Hum Genet. 1993 Oct;92(4):339-46. doi: 10.1007/BF01247331.
A high frequency of spontaneous chromosomal breakage, endomitosis, endoreduplication and hypersensitivity toward both the alkylating agent Trenimon and the radiomimetric drug bleomycin was observed in phytohemagglutinin-stimulated peripheral lymphocytes from a girl with craniosynostosis, microcephaly, ptosis, bird-like facies, and moderate mental retardation.

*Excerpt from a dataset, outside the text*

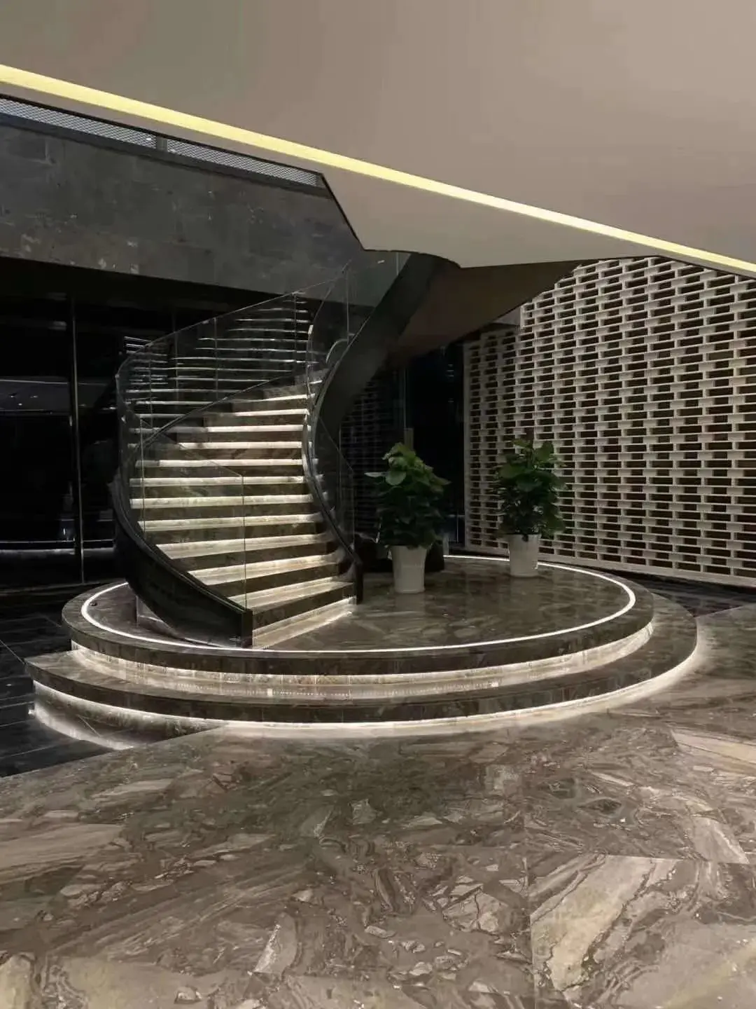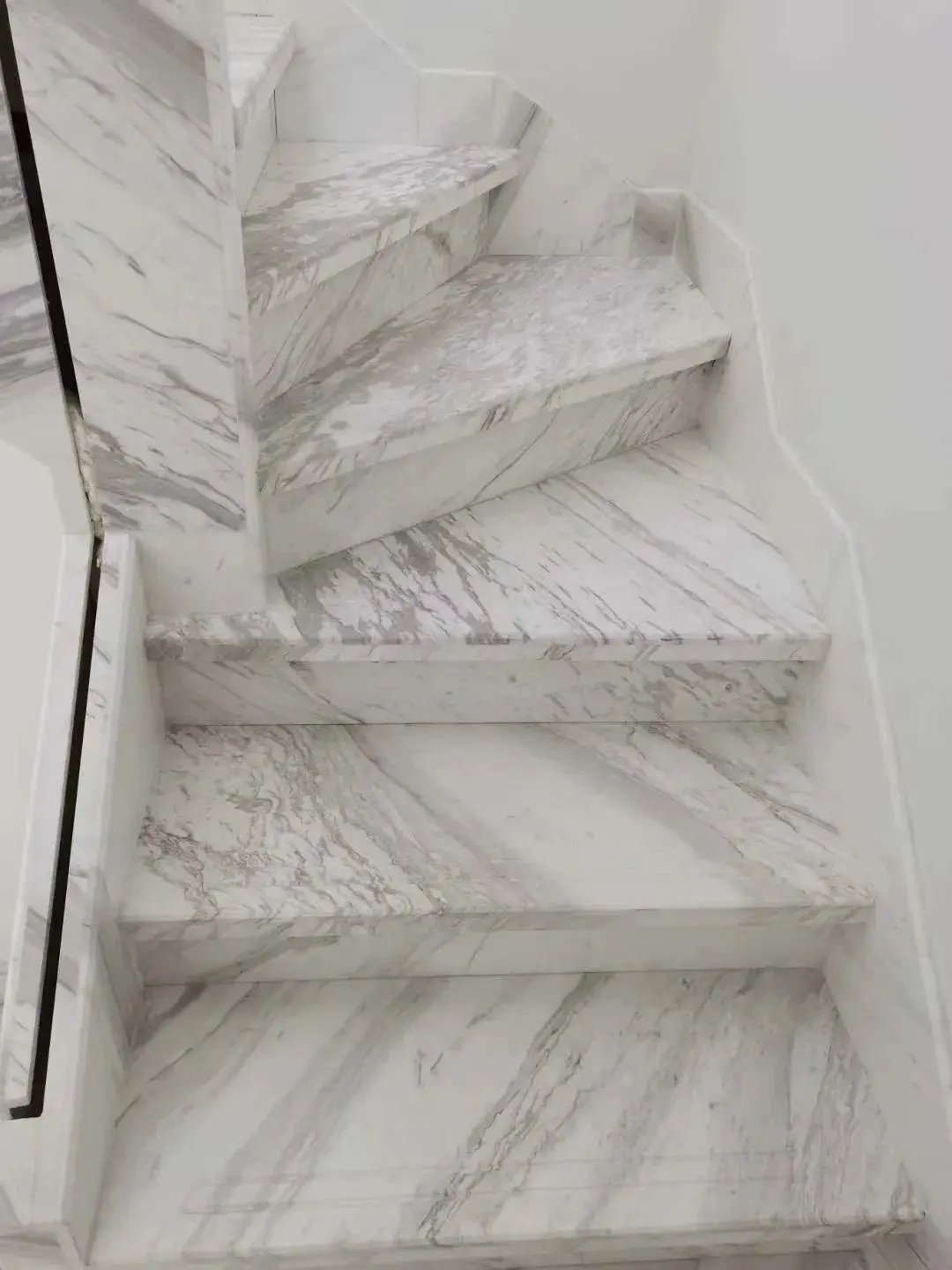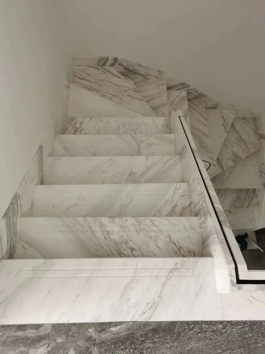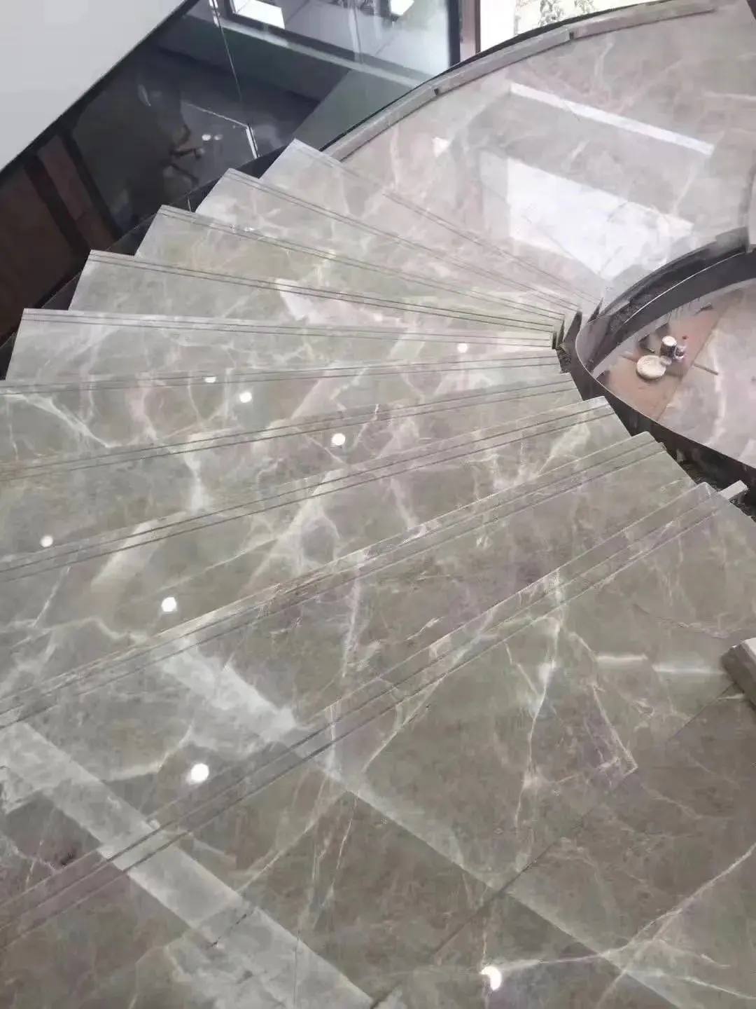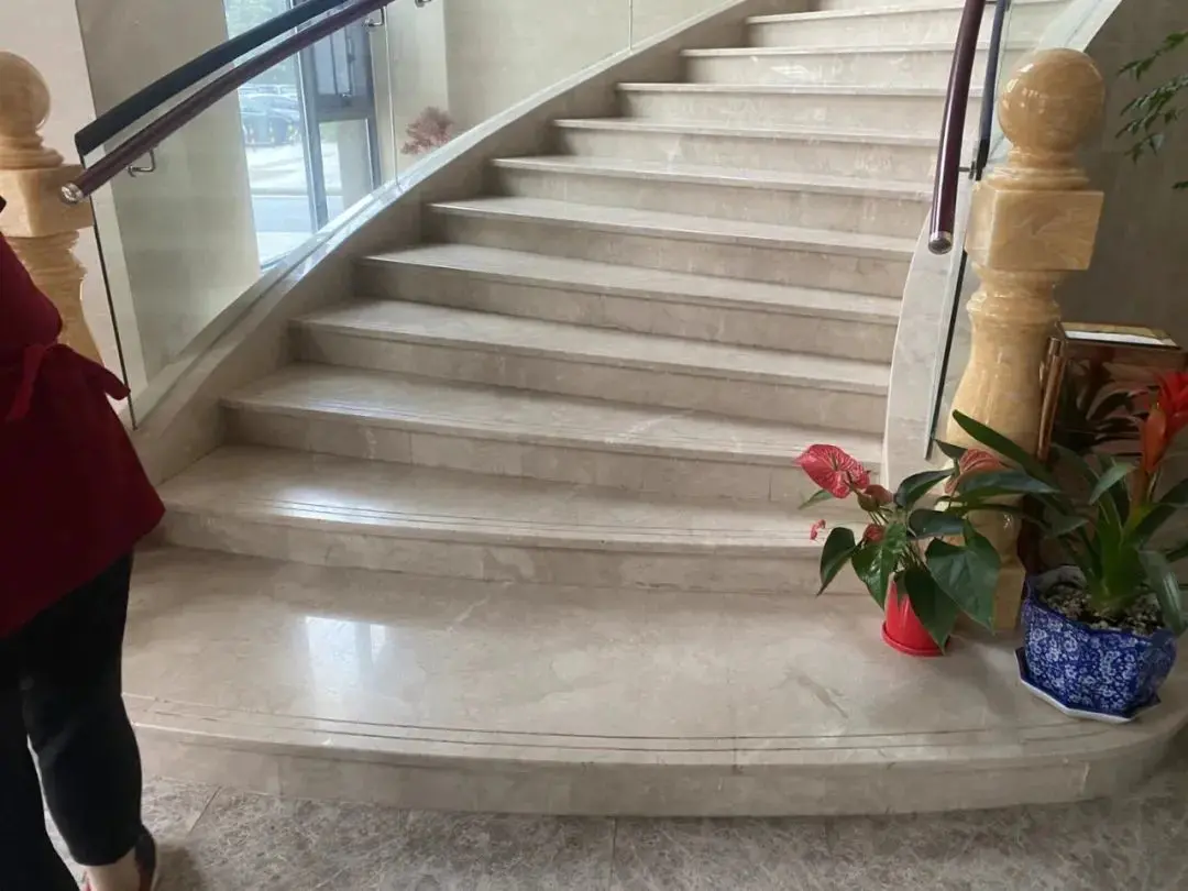大理石不同于地板砖,大理石的纹理通体都是一样,即使是加工成各种形状也不会影响表面质感,所以更有利于楼梯倒角等各种工艺操作。而且当我们的大理石踏步使用时间太久失去光泽之后,我们可以随意的打磨翻新抛光,使楼梯踏步看起来又跟新的一模一样,而瓷砖却不可能采取有这样的操作,旧了烂了都只有重新装修。

We also observed abnormal chromosomal spiralization and some aspects of abnormal cellular division. Several fruitless attempts were made to establish a cell line. The parents were consanguineous, supporting the existence of a new, rare, autosomal, recessive condition in man. The mutation might involve a gene involved in DNA repair and/or regulation of the mitotic cycle.
在一名患有颅缝早闭、小头畸形、上睑下垂、鸟样面容和中度智力发育迟缓的女孩的植物血凝素刺激外周淋巴细胞中,观察到高频率的自发染色体断裂、核内有丝分裂、核内复制以及对烷化剂曲磷胺和放射增敏药物博来霉素的超敏反应。我们还观察到异常的染色体螺旋化和细胞分裂的一些异常情况。为建立细胞系进行了几次无果的尝试。父母是近亲,这支持了人类中一种新的、罕见的常染色体隐性疾病的存在。该突变可能涉及参与DNA修复和/或有丝分裂周期调控的基因。